Can not freeze parameters by using Register_hook!

I tried to use register_hook to freeze some parameters while training.
Here is the code:

def hook(grad):

    new_grad = grad.clone()

    np.random.seed(0)
    
    sample_np = np.random.choice([1, 0], size=grad.size())

    sample = torch.from_numpy(sample_np).byte().cuda()

    new_grad[sample] = 0

    return new_grad

I print the performance on the first conv layer in VGG16, where P represents the first 15 Parameters, W represents the corresponding gradients.

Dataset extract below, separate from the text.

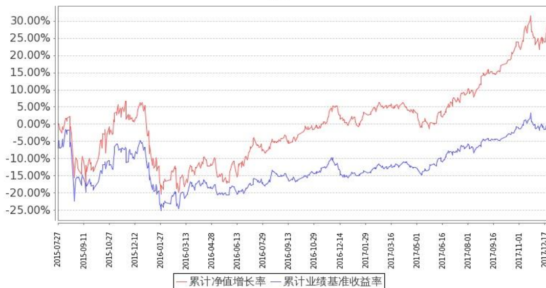
图：嘉实低价策略股票基金份额累计净值增长率与同期业绩比较基准收益率的历史走势对比图 (2015 年 7 月 27 日至 2017 年 12 月 31 日)

注：按基金合同和招募说明书的约定，本基金自基金合同生效日起 6 个月内为建仓期，建仓期结束时本基金的各项投资比例符合基金合同（十二（二）投资范围和（四）投资限制）的有关约定。
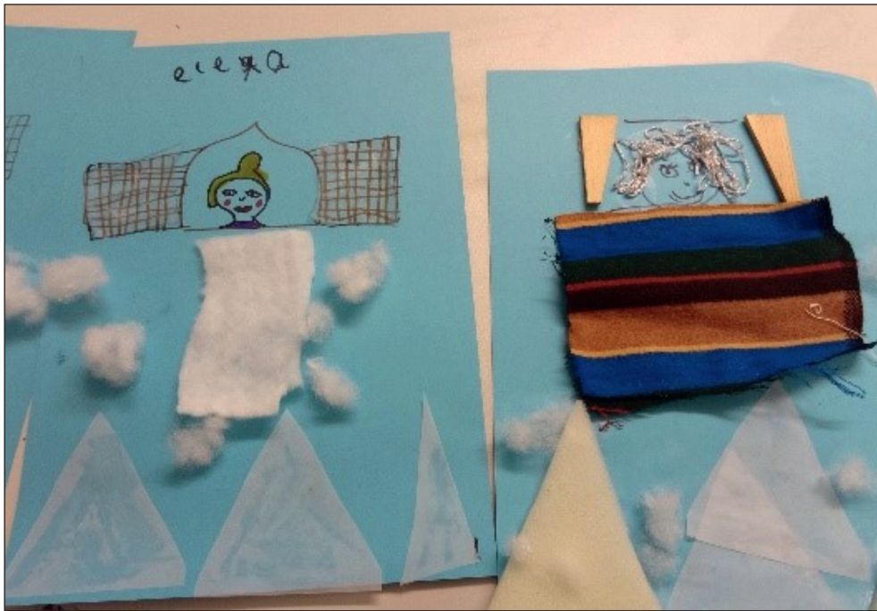
Abb. 1 bis 4: Einige Ergebnisse aus den Kreativstationen.

(‘PPPPPPPP’, tensor([ 0.5000, 0.4274, -0.0500, 0.2500, 0.0525, -0.4154, -0.0461,
-0.2650, -0.3166, 0.4115, 0.4319, -0.0625, 0.2500, 0.0537,
-0.5000]))
(‘WWWWWWWWWWW’, tensor(1.00000e-02 *
[-0.0000, -6.1934, -5.9751, -0.0000, -6.2996, -6.1873, -6.5755,
-6.6100, -6.5485, -6.3036, -6.3281, -0.0000, -0.0000, -6.2196,
-0.0000]))
(‘PPPPPPPP’, tensor([ 0.5000, 0.4274, -0.0500, 0.2500, 0.0525, -0.4154, -0.0461,
-0.2650, -0.3166, 0.4115, 0.4320, -0.0625, 0.2500, 0.0537,
-0.5000]))
(‘WWWWWWWWWWW’, tensor(1.00000e-02 *
[ 0.0000, 8.0362, 8.0241, 0.0000, 7.7295, 8.1179, 7.5825,
7.7483, 8.3302, 5.4533, 5.9402, 0.0000, 0.0000, 6.0850,
0.0000]))
(‘PPPPPPPP’, tensor([ 0.4999, 0.4273, -0.0501, 0.2500, 0.0524, -0.4156, -0.0462,
-0.2651, -0.3167, 0.4115, 0.4319, -0.0625, 0.2500, 0.0537,
-0.4999]))
(‘WWWWWWWWWWW’, tensor(1.00000e-02 *
[ 0.0000, 7.9904, 8.8366, 0.0000, 7.6422, 8.3999, 7.1233,
6.7701, 8.1726, 6.9615, 7.0442, 0.0000, 0.0000, 6.7049,
0.0000]))
(‘PPPPPPPP’, tensor([ 0.4999, 0.4272, -0.0503, 0.2500, 0.0522, -0.4157, -0.0463,
-0.2653, -0.3169, 0.4114, 0.4319, -0.0625, 0.2500, 0.0536,
-0.4999]))
(‘WWWWWWWWWWW’, tensor(1.00000e-02 *
[ 0.0000, 2.8951, 2.6120, 0.0000, 2.3587, 1.6937, 1.6543,
1.2820, 0.7402, 5.4065, 5.4882, 0.0000, 0.0000, 5.1986,
0.0000]))

As you can see, after some iterations, the fixed parameters(e.g. 0.5000–>0.4999) changed!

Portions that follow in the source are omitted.